I like this idea, but it feels like even more iovec abuse. Namely, for
pwritev2(), it feels a little off that we'd be copying _to_ user memory
rather than only copying from. It's probably worth it for better errors,
though.

> > +.EE
> > +.in
> > +.PP
> > +This may be extended in the future, so
> > +.I iov[0].iov_len
> > +must be set to
> > +.I "sizeof(struct\ encoded_iov)"
> > +for forward/backward compatibility.
> > +The remaining buffers contain the encoded data.
> > +.PP
> > +.I compression
> > +and
> > +.I encryption
> > +are the encoding fields.
> > +.I compression
> > +is one of
> > +.B ENCODED_IOV_COMPRESSION_NONE
> > +(zero),
> > +.BR ENCODED_IOV_COMPRESSION_ZLIB ,
> > +.BR ENCODED_IOV_COMPRESSION_LZO ,
> > +or
> > +.BR ENCODED_IOV_COMPRESSION_ZSTD .
> > +.I encryption
> > +is currently always
> > +.B ENCODED_IOV_ENCRYPTION_NONE
> > +(zero).
> > +.PP
> > +.I unencoded_len
> > +is the length of the unencoded (i.e., decrypted and decompressed) data.
> > +.I unencoded_offset
> > +is the offset into the unencoded data where the data in the file begins
> > +(less than or equal to
> > +.IR unencoded_len ).
> > +.I len
> > +is the length of the data in the file
> > +(less than or equal to
> > +.I unencoded_len
> > +-
> > +.IR unencoded_offset ).
> > +.I
> > +.PP
> > +In most cases,
> > +.I len
> > +is equal to
> > +.I unencoded_len
> > +and
> > +.I unencoded_offset
> > +is zero.
> > +However, it may be necessary to refer to a subset of the unencoded data,
> > +usually because a read occurred in the middle of an encoded extent,
> > +because part of an extent was overwritten or deallocated in some
> > +way (e.g., with
> > +.BR write (2),
> > +.BR truncate (2),
> > +or
> > +.BR fallocate (2))
> > +or because part of an extent was added to the file (e.g., with
> > +.BR ioctl_ficlonerange (2)
> > +or
> > +.BR ioctl_fideduperange (2)).
> > +For example, if
> > +.I len
> > +is 300,
> > +.I unencoded_len
> > +is 1000,
> > +and
> > +.I unencoded_offset
> > +is 600,
> > +then the encoded data is 1000 bytes long when decoded,
> > +of which only the 300 bytes starting at offset 600 are used;
> > +the first 600 and last 100 bytes should be ignored.
> > +.PP
> > +If the unencoded data is actually longer than
> > +.IR unencoded_len ,
> > +then it is truncated;
> > +if it is shorter, then it is extended with zeroes.
> 
> I find the unencoded_len/unencoded_offset API extremely confusing and all
> the clarifications above did not help to ease this feeling.
> Please remind me why does the API need to expose unencoded details at all.
> I understand the backup/restore use case for read/write encoded data.
> I do not understand how unencoded offset info is relevant to this use case
> or what are the other use cases it is relevant for.

I agree, it's confusing.
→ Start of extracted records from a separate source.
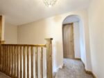 A carpeted staircase with an oak balustrade ascends to the first floor landing which is L-shaped and has a hatch to the loft. Doors lead to the four bedrooms and house bathroom.
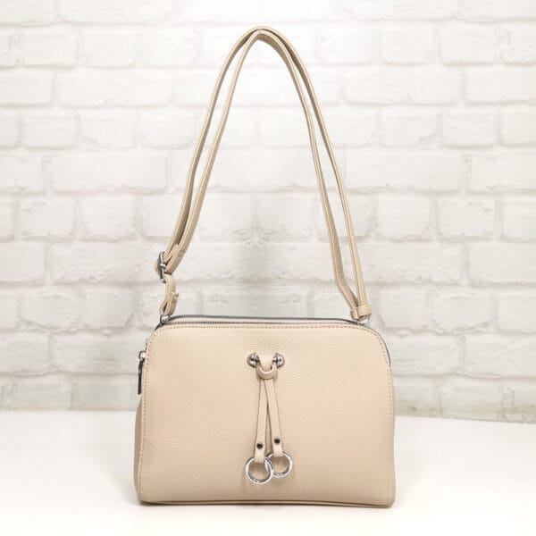 Светло бежов, обков метален, сребрист.
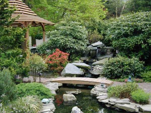 Мост, размещенный в саду, придаст цельность и стилистическую завершенность садовой композиции
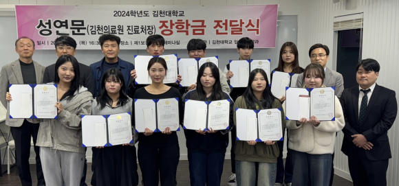 | ‘2024학년도 김천대학교 임상병리학과 장학금 전달식’이 11월 07일 제1보건과학관 세미나실(New Jerusalem)에서 열렸다고 11월 12일 밝혔다. 김천대학교 임상병리학과의 다양한 교내외 장학금(동문회장, 인천지부, 부산지부, 대전지부, 포항경주지부, 춘천지부, 경북대학교병원, 대구가톨릭대학교병원, 가이아 동아리, 조성규, 조유진, 교수 장학금, 태웅로직스 장학금, 성연문 장학금) 전달식은 매년 개최되어 왔다.

However, without this concept on the read side,
there's no way to represent some file extent layouts, and without the
write side, those layouts can't be written back out. That would make
this interface much less useful for backups.

These cases arise in a few ways on Btrfs:

1. Files with a size unaligned to the block size.
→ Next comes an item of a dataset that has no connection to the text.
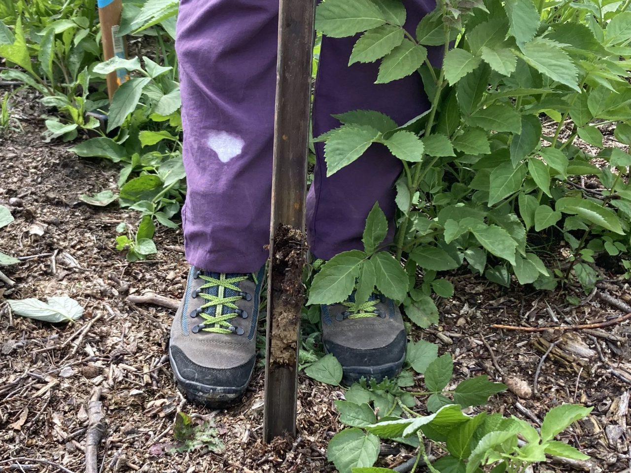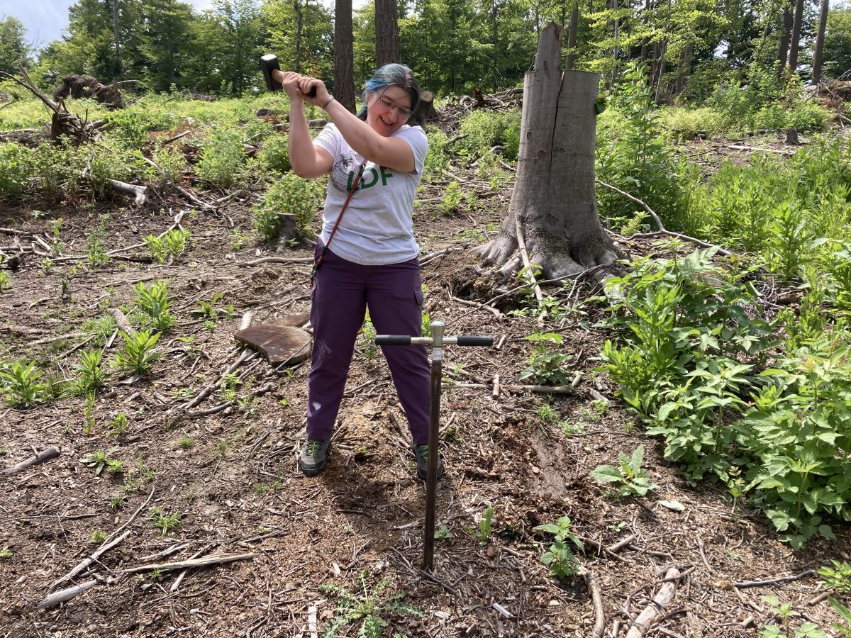 Přešli jsme na další plochu, kde kromě pařezů zůstaly už jen větve. Pavlína Pacová Šimková tu do země zatlouká dutou kovovou tyč a z hloubky necelého metru s její pomocí vytahuje neporušený půdní vzorek. „Zkoumáme obsah živin, obsah uhlíku, případně půdní kyselost,“ vysvětluje.

   Ignoring inline data, Btrfs always pads data to the filesystem block
   size when compressing. So, a file with a size unaligned to the block
   size will end with an extent that decompresses to a multiple of the
   block size, but logically the file only contains the data up to
   i_size. In this case, len (length up to i_size) < unencoded_len (full
   decompressed length). This can arise simply from writing out an
   unaligned file or from truncating a file unaligned.

2. FICLONERANGE from the middle of an extent.

   Suppose file A has a large compressed extent with
   len = unencoded_len = 128k and unencoded_offset = 0. If the user does
   an FICLONERANGE out of the middle of that extent (say, 64k long and
   4k from the start of the extent), Btrfs creates a "partial" extent
   which references the original extent (in my example, the result would
   have len = 64k, unencoded_offset = 4k, and unencoded_len still 128k).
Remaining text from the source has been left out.